The amount of permutations is so extreme, that it can't be possibly mapped out by theory. It's too complex. And in this space of possibilities, there is likely just a very small area, which gives you a composition, that expresses exactly what you mean.

I think this is way easier to do "organically", if you get experience and get a feel for the language of music.
But I'm genuinely curious how other people might see this differently and approach composing with a different mindset or thought process. Like it would be fascinating to know what goes on in another composer's mind.

I'm always open to change my mind, but so far, I just don't see it regarding theory or just have a different approach. But again, learning the basics of theory or reading sheet music are another matter and very much important.


----------



## tebling

_*Should painting photorealistic images be easy?*_

NVIDIA Research: _hold my beer_







This isn't a mockup. You can download and run the app today if you have a powerful enough GPU. I spent a couple hours with it yesterday. It's kind of insane.


----------



## KEM

Anthony said:


> Writing *good* music is incredibly hard.
> 
> Merely 'writing' music is now quite easy.



Basically lol


----------



## muk

There is a method to make composing easier. It's called studying. Trying to replace that with tools only gets you so far.


----------



## SupremeFist

muk said:


> There is a method to make composing easier. It's called studying. Trying to replace that with tools only gets you so far.


It is truly an impressive psychological phenomenon, the lengths people will go to try to rationalise their disinclination to study what they know perfectly well they _need_ to study. (And I know this intimately because I used to be one of those guys.)


----------



## dgburns

Nick Batzdorf said:


> Not a lot, because unfortunately he died years ago.
> 
> But are you saying he was slow? I think not!


Na, I wasn’t referring to Goldsmith, I was referring to the other thread here on VI. Too cryptic a joke I’m afraid.

Carry on my good chap


----------



## dcoscina

I've always found hard work to be incredibly rewarding. The biggest challenge is to get motivated to do the work. Once you get going, momentum develops.


----------



## Rob

I tend to take a Kenny Werner approach: "every note I write is the most beautiful note I ever heard"... sets the right state of mind. Self censoring can really stop the creative process


----------



## Daniel James

Creating something that resonates will always be difficult. We already see incredibly produced and arranged tracks that have almost no views or attention. Because tools can only really be good at making things that already exist easily, not so much with innovation.

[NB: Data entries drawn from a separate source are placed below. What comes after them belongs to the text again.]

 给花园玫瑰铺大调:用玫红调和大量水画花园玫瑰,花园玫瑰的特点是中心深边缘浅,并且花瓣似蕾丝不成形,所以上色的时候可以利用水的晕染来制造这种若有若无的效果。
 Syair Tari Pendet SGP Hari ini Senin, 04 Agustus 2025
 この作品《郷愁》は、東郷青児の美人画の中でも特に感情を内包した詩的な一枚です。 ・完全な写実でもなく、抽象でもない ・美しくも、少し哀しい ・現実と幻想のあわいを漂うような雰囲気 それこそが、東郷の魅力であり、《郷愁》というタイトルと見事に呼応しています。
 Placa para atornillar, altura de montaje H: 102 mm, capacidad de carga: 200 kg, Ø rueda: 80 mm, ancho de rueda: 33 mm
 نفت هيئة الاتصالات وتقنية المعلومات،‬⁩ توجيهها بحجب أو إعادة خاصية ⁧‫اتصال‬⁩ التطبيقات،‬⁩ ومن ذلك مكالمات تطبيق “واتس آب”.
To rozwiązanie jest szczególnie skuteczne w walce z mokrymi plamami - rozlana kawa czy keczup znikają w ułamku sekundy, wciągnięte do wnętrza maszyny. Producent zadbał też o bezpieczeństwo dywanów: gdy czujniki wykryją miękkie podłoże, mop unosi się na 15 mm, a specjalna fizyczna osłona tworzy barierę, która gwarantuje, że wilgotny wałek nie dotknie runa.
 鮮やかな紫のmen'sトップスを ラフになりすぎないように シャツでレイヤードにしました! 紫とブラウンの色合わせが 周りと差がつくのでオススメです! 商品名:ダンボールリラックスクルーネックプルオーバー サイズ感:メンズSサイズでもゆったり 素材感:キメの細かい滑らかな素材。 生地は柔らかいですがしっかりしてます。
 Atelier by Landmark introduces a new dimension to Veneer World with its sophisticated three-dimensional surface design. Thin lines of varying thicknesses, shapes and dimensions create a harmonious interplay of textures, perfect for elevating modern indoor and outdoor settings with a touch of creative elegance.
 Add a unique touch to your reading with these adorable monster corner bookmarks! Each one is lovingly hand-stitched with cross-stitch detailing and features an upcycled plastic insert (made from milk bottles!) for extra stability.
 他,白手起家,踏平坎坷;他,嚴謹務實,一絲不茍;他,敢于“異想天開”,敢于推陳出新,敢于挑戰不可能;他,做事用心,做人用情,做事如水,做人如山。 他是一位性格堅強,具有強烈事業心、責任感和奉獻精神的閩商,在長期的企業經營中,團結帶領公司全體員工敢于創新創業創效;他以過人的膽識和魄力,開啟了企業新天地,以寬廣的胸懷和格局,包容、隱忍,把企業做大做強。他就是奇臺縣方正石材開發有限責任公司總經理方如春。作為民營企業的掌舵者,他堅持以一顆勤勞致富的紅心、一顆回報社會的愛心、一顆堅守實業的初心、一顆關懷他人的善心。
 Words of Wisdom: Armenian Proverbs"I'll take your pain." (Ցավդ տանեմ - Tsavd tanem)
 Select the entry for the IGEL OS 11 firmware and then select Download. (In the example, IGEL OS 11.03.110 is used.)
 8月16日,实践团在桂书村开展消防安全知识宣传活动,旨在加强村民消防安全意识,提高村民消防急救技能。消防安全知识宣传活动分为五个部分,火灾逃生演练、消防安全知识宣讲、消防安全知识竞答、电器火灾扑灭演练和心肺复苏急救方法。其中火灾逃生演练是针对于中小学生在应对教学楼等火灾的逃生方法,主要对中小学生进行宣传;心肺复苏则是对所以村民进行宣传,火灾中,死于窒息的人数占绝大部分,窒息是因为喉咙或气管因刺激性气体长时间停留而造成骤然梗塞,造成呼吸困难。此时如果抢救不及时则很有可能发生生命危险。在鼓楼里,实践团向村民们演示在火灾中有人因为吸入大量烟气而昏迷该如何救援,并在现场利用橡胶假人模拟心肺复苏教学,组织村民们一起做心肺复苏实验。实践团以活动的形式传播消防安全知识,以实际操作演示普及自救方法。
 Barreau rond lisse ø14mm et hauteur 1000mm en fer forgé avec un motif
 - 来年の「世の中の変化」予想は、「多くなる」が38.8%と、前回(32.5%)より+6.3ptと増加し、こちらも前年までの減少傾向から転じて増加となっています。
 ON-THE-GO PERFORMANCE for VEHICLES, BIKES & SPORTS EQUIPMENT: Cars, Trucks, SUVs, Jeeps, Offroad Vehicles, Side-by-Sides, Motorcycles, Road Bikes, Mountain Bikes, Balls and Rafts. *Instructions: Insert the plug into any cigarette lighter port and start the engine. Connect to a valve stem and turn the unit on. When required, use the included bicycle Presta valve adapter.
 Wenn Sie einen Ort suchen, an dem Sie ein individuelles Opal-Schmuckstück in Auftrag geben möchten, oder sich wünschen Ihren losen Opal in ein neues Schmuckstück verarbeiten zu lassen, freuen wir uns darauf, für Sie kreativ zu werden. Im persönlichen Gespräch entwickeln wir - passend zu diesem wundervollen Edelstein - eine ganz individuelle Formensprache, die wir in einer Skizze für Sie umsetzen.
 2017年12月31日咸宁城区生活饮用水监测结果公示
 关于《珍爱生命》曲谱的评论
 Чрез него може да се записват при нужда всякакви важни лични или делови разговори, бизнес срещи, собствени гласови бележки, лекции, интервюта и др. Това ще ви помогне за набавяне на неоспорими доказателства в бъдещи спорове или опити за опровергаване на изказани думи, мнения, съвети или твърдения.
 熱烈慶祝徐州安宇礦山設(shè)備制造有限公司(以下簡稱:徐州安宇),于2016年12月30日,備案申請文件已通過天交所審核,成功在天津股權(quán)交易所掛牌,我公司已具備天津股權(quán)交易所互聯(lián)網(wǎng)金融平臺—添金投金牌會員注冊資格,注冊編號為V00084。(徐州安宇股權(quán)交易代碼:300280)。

Once everyone can easily make the same thing, it will hold no value, so we will assign value to those who can create either something new that not anyone can do, create something that is actually saying something, or be contextualized more completely outside of the composition ie being in a movie....

Alot of our favorite soundtracks could have ended up being lost to the ages if they were not attached to the movies they are from. Sometimes its more than the music itself that makes it stick with us forever, its the collective feeling we were having when we heard it. The same way a wedding song might just be the first song you heard when you met your partner, not necessarily the music itself...the same way as that one soundtrack cue you have on repeat may be one of your favorite tracks due to how you felt hearing it in the movie more so than the track on compositional merit.

So music is more about saying the right thing at the right time, not so much the right thing just for the sake of it. So how easy or difficult it is to write still doesn't provide that important human connection. And that will always separate the working artists from those trying. We have the technology today to easily create most dance music genres, but just because I have to tools to easily make it, doesn't mean I am going to be able to compete with The Weeknd in the charts anytime soon, he has that x-factor ability to connect his music to his audience....that will be hard for a computer to replicate, as that changes and is hugely subjective.

-DJ


----------



## Nico5

Daniel James said:


> Creating something that resonates will always be difficult.


especially, since that resonance is continually being gamed by advertising, social media bots (human and machine), and sometimes payola and other forms of dark patterns


----------



## TonalDynamics

Markrs said:


> There old "art through suffering..." argument. Personally I don't like barriers to entry (I am saying this as someone study composition most days for several hours a day). All art should be accessible, it should be creative, inspirational and not require 10 years of study before hand.


I hear what you're saying, and I also disagree with the "art through suffering" argument (for different reasons)

But honestly, as someone who has produced/mixed rock/small ensemble 'band' music for over 10 years before he got into making orchestral mockups, the real problem introduced into modern composing is the _immense_ technical task of becoming a working expert with all the countless sample libraries themselves.

Back in the 1700's it was "if you're not good enough no orchestra will ever play your music", these days it's "if you're not good enough at composing _and_ an expert at making sample libraries sound real, noone will ever _listen_ to your music, and even then they still might not because you're competing with the entire world and not just the people in your immediate region".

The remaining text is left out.